Become the Change Our World So Urgently Needs
The lessons from Chautauqua resonate far beyond the pulpit.
What began as a retreat and training place for Methodist Sunday School teachers has become, one hundred and fifty years later, a large and very well known summer retreat for tens of thousands of people from across America and around the world. The Chautauqua Institution is still based on faith, but now serves a broad interfaith community. Almost every denomination has a “house” on the site with most on a beautiful red brick road that runs between all the cottages and houses that now fill the place.
I am now here at Chautauqua as the Chaplain and Preacher of the week, accompanied by my wife Joy Carroll Wallis, who many recognize as the “Real Vicar of Dibley”, a famous BBC and PBS sitcom show based upon her experiences as one of the first ordained women ministers in the Church of England. Many people here have enjoyed that show.

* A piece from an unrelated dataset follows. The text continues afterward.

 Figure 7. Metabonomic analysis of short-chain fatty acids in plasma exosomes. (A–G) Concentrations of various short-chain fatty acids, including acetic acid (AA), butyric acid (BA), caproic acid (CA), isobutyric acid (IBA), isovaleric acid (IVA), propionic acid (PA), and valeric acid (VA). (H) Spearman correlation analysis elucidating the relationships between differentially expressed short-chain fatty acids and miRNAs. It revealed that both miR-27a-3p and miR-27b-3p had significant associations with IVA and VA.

The Sunday service at scenic and tranquil Chautauqua draws several thousand from around the surrounding area of upstate New York, and the weekly morning services are attended by several hundred. Joy and I have been here before, once when our two sons were 7 and 2–now 27 and 22–and I told the story of how my older son Luke just loved riding a bike all around this place, finally able to ride on his own in a safe place far from the city streets where he lived. I walked alongside him the first day, on the way to Lake Chautauqua for the children’s program. On the second day he gently suggested he now knew how he could get there on his own with the bike. I hesitated to let him go off on his own on a bike for the first time, but he assured me by saying, “I’m okay Dad, but you can pray for me!” I did and he was fine.
I am spending the whole week mostly on the teachings of Jesus. “When you are in a crisis–and we are–it's time to turn back to our faith. On Sunday, I said that we must rediscover the God of the Bible, who is not just a “God of charity, but a God of Justice.” I preached from the text of Matthew 25, which was, and still is, my conversion text. A text that transformed me from a young secular activist to a faith activist.

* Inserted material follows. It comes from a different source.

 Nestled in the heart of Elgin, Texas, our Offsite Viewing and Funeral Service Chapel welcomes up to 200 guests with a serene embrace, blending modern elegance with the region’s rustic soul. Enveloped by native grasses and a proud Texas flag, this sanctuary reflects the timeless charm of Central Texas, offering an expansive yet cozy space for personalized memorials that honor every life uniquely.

In the sermon that day, I testified how 800 clergy and other faith leaders had done a spiritual procession to the Senate steps, where a big, brutal bill was threatening an assault on the ones Jesus called “the least of these,” denying children, the elderly, and the disabled access to healthcare and food–all in order to pay for more tax cuts to the wealthiest among us. I preached about how I was able to read Matthew 25, my conversion text, on the Senate Steps saying that, while the Bible doesn’t give us details of legislation, Senators (especially the majority who call themselves Christian) should not leave their faith and Jesus outside the door of the Senate Chamber. A chamber where they will soon be voting on the bill that targets “the least” of these to reward millionaires and billionaires.
View the entire Sunday Service here, compliments of the Chautauqua Institution
Our call to Christ and to conscience has helped to morally “complicate” this bill; a bill that far too many politicians have been willing to pass in order to bend the knee and demonstrate fealty to the man who would be king, Donald Trump. We have yet to see the outcome of the prayers and the Pentecost Witness for a Moral Budget offered at the Capitol. It is not too late for you to offer your prayers and to call your Senators in opposition to the Budget Reconciliation Bill. Call 202.224-3121 and ask for the office of the Senators from your state.

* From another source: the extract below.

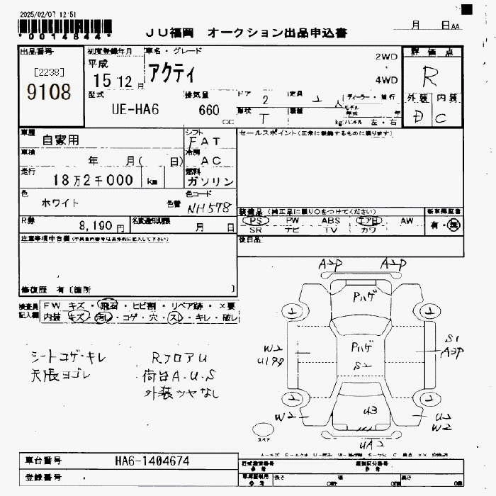Статус выставлен на аукцион Лот 9108 Аукцион JU Fukuoka Дата аукциона 13.03.2026

On Monday, my sermon on the Good Samaritan Parable was titled “Your Neighbor Doesn’t Live Next Door.” This is a text against “othering” and how the command to love our neighbor (who is different from us) is literally a moral guidepost for re-establishing democracy in America today.
On Tuesday, we went to the beginning, in Genesis 1:26, where the image of God in each of us is made foundational to human dignity and to every issue we now confront–including voting rights! On Wednesday, we looked more deeply at Jesus saying, that only the truth can set us free–that opposite of the truth is more than just lying but is captivity and how truth and freedom are indivisible in America today. I also said that “elders” with most of the audience here seniors could become among the vital truth-tellers that tyrannies that depend on lies are the most afraid of.
The last two days we took up how the Galatians 2:28 text about overcoming race, class, and gender–the eternal pillars of oppression. The text was an invocation and a ritual in all of the baptisms of the early church instructing that we are all one in Christ Jesus. And on Friday, we went deeper into what Jesus might mean in our time by calling peacemakers (not peace lovers or peace keepers) “the children of God.”
The lessons from Chautauqua—rediscovering the God of justice, embracing the image of God in every person, and answering Jesus’ call to be peacemakers—resonate far beyond the pulpit. In a world divided by “othering” and injustice, we are invited to become moral truth-tellers, advocates for the vulnerable, and builders of a more compassionate democracy. Together, let’s put faith into action and become the change our world so urgently needs.
Lovely but you missed one area ableism. Faith groups have at times not been helpful to our community. The other is the land of the Indtitute! And it is a lovely place but who was living there before colonialism? Life is a journey of openings and we can only see so much. So please take your gifts and think on these two groups. Where can you go? What can you do? And what about rituals of apology and then rituals of forgiveness?